Monday, December 18, 2006

Indian firms: moving into high-value strategic advice

Forbes has an interesting article titled the consultants from chennai (through Sadagopan's Weblog).
The article starts by pointing out that Indian firms are moving into high-value strategic advice faster than anyone had expected. From being purely providers of cheap call-center services and payroll processing, they are moving up the value ladder. They offer product design, software design, chip engineering and the kind of corporate asset-deploying advice once the sole domain of Western firms like McKinsey & Co. and Booz Allen Hamilton. Forrester's Stephanie Moore thinks that a lot of consulting deals won by the Indians in the last few years have really shocked the industry – IBM, EDS & Accenture’s have not come to terms with this.
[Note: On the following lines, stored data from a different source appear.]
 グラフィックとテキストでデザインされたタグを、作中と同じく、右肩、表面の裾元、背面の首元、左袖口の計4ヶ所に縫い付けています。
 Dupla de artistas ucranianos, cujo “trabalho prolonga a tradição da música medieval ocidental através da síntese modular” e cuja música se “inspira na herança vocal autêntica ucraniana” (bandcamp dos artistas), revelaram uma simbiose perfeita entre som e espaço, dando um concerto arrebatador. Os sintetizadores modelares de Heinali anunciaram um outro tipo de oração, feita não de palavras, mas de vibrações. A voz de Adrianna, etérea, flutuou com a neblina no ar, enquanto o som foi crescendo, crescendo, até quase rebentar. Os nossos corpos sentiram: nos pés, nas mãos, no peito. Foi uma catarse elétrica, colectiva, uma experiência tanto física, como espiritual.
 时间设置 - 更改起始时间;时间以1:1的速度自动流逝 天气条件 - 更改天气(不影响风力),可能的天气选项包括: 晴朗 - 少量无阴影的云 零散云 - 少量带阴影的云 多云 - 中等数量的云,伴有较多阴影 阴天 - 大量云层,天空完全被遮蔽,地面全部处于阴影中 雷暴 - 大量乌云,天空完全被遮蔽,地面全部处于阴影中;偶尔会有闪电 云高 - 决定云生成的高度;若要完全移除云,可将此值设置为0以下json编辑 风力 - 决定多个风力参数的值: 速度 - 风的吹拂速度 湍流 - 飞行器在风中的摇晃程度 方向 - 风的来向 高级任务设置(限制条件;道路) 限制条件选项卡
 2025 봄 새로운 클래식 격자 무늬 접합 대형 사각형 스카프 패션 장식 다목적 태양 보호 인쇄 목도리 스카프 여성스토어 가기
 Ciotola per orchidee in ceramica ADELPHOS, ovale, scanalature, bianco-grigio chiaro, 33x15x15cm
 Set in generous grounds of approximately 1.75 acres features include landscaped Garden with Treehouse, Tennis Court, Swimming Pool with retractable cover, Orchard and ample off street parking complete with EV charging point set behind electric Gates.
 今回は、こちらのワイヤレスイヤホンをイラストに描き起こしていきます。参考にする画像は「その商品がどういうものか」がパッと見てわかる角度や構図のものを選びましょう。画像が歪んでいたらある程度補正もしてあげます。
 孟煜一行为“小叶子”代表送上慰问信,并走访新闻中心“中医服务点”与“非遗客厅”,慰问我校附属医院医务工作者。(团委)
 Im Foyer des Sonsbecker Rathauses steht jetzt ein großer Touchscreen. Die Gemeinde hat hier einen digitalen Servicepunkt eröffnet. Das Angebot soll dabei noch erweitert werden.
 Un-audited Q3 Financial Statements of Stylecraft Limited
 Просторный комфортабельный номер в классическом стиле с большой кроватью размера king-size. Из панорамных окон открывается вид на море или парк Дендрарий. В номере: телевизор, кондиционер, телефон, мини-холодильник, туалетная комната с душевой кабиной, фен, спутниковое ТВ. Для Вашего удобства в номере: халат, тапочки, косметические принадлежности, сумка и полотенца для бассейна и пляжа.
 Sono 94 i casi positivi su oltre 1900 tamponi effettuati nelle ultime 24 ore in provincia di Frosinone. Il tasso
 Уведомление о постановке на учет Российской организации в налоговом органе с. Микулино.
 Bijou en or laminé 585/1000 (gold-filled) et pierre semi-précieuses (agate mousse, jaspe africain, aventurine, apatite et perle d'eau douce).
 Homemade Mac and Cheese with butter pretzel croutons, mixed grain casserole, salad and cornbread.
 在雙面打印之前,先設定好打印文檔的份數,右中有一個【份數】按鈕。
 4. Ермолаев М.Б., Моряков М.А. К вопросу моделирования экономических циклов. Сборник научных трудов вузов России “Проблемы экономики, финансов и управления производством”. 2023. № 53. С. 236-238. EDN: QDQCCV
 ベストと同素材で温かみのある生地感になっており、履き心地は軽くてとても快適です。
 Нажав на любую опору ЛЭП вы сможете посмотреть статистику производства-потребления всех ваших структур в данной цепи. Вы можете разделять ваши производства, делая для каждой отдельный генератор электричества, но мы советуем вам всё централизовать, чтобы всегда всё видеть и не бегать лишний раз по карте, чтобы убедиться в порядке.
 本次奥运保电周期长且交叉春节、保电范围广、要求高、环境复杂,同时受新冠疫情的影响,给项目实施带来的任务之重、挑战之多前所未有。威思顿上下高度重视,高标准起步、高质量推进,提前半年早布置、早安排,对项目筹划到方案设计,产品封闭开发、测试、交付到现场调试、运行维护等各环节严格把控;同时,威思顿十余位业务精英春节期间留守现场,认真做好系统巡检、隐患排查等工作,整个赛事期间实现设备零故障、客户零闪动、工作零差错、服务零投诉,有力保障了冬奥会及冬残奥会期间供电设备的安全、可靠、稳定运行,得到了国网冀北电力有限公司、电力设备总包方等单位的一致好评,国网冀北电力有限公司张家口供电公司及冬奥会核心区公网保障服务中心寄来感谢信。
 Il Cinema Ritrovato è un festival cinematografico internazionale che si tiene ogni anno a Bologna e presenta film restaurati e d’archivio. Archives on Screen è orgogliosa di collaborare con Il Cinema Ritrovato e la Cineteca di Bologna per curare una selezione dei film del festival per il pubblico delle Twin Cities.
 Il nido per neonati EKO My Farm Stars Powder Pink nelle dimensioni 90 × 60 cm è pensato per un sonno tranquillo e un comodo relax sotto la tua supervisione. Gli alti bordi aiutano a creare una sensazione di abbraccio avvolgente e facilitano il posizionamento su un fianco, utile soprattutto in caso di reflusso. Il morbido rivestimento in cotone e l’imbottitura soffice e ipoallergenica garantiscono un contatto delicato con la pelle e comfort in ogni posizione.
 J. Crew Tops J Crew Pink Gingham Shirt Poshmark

Look at a few cases that demonstrate this : Northeast Utilities in Hartford, Connecticut consolidated three customer information systems into one, and six call centers into two. Global firms and Indian headquartered firms competed for this opportunity. The usual providers of this kind of advice are firms such as IBM, Capgemini and Accenture , the well-known shops that sponsor golf tournaments and run ads during the Super Bowl. These firms bid on the aforementioned projects, but they lost. The winners came from Bangalore and Chennai, firms such as I-flex Solutions, Mphasis BFL Group, Infosys Technologies and SlashSupport. In the case of Northeast Utilities, Infosys got the strategic advice business while IBM got left with the scut work of moving the company's 2 million customer records from the old system to the new. Seven years ago GE Appliances entrusted Satyam to prepare only engineering drawings and blueprints for its home business. Four years later Satyam was doing tear-down analysis of all its products and its competitors' products. Now it's the only point of contact for GE Appliances' vendors and components suppliers, and it has also taken over the design of nearly all new product features. Multinationals are relying on Indian firms for fundamental missions.